Use this rule of thumb: if land is the scarce resource, lean into Spadderdock. If the Refinery is the scarce resource, lean into Potatoes. If you already have Carrots in bulk and Water is easy to move, Carrots are fine for a first fuel line or a temporary bridge while you expand.

The important thing is that the Refinery processes one recipe at a time. That makes crop choice a throughput problem, not just a production problem. If you split inputs too widely, you dilute your logistics and end up with one building that never quite stays busy.

Keep the Refinery supplied so it doesn’t sit idle

Downtime is the real enemy of the Refinery. A building that has the right recipe but no inputs is just wasted work time, so you should build the logistics first and the extra production second. Keep the input crops near storage, keep storage near the building, and keep transport routes short enough that haulers can cycle continuously.

This matters even more for bulky inputs like Carrots, Potatoes, and Spadderdock. The farther those goods travel, the more time you lose before they become Biofuel. If your crop fields are spread across the map, you will need a stronger transport network to compensate. Without it, the Refinery will keep pausing between batches, and that kills the advantage of running a renewable fuel line at all.

Also remember that each recipe uses dedicated inputs. You are not building a flexible all-purpose machine here; you are building a production node that works best when fed with a steady, narrow stream. Keep nearby warehouses stocked, and do not spread inputs so far apart that your beavers spend the day hauling instead of producing.

Use Catalyst and Antidote when your colony reaches hazardous or advanced chains

Biofuel is usually the first reason to build a Refinery, but it should not be the last.

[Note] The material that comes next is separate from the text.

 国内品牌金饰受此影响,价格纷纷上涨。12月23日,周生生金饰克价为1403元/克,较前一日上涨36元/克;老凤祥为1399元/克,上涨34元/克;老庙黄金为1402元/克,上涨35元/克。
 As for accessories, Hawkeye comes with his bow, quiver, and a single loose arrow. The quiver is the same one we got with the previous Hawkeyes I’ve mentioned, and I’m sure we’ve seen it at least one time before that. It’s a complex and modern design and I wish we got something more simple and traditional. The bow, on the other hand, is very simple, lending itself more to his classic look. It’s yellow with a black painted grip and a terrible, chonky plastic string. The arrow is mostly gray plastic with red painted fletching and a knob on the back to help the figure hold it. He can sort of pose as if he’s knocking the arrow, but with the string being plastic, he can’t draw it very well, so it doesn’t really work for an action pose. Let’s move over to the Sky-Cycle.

Once your colony moves into more advanced production, Catalyst becomes important. It is made from 1 Maple Syrup and 2 Sunflower Seeds, and it serves as a chemical intermediate for advanced production. If you need steady Catalyst, set up a dedicated district with maple tapping and sunflower farming instead of trying to bolt the recipe onto an already overloaded farming zone.

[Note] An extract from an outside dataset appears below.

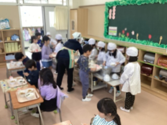 給食では、当番を中心に配膳を行い、しゃべらずに待つということにもとても頑張っています。食べている時も自分の好きなものはもちろんのこと、苦手なものにも挑戦しようと頑張っています。「おいしい!」という声もたくさん聞こえてきました。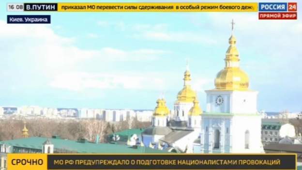 Прошло четыре дня после вторжения России, и управляемое Кремлем телевидение предоставляет зрителям параллельную реальность - придерживается линии, согласно которой силы повстанцев с востока продвигаются в Украину при поддержке российских войск, наносящих "точные удары" по украинской военной инфраструктуре.

Antidote is the other recipe you should not ignore. It comes from 2 Dandelions and is used to treat beavers exposed to Badwater contamination. If your map has Badwater nearby, or if your industry depends on Badwater-processing chains elsewhere, stockpile Antidote before you need it. Do not wait until contamination becomes a crisis. Make it part of your emergency planning, the same way you would keep food buffers before drought.

The Refinery complements other processing buildings and should be integrated into your production clusters alongside farms, warehouses, and transport routes to avoid production stalls. When you approach it that way, you get more than fuel: you get a clean bridge from agriculture into late-game chemicals and colony safety.

The crop choice that wins you the most

If you want the shortest answer possible, use this: Spadderdock gives the most Biofuel per crop tile, so pick it when land is tight. Potatoes give more Biofuel per Refinery work-hour, so pick them when the building itself is your limiting factor. Carrots are the easiest starting point, especially if you already have Water planned and want a simple renewable fuel line.

That is the whole decision. Build the supply chain first, keep the inputs close, and only then scale the Refinery up. If you do that, the building stops being a side project and becomes one of the most useful parts of your Folktails economy.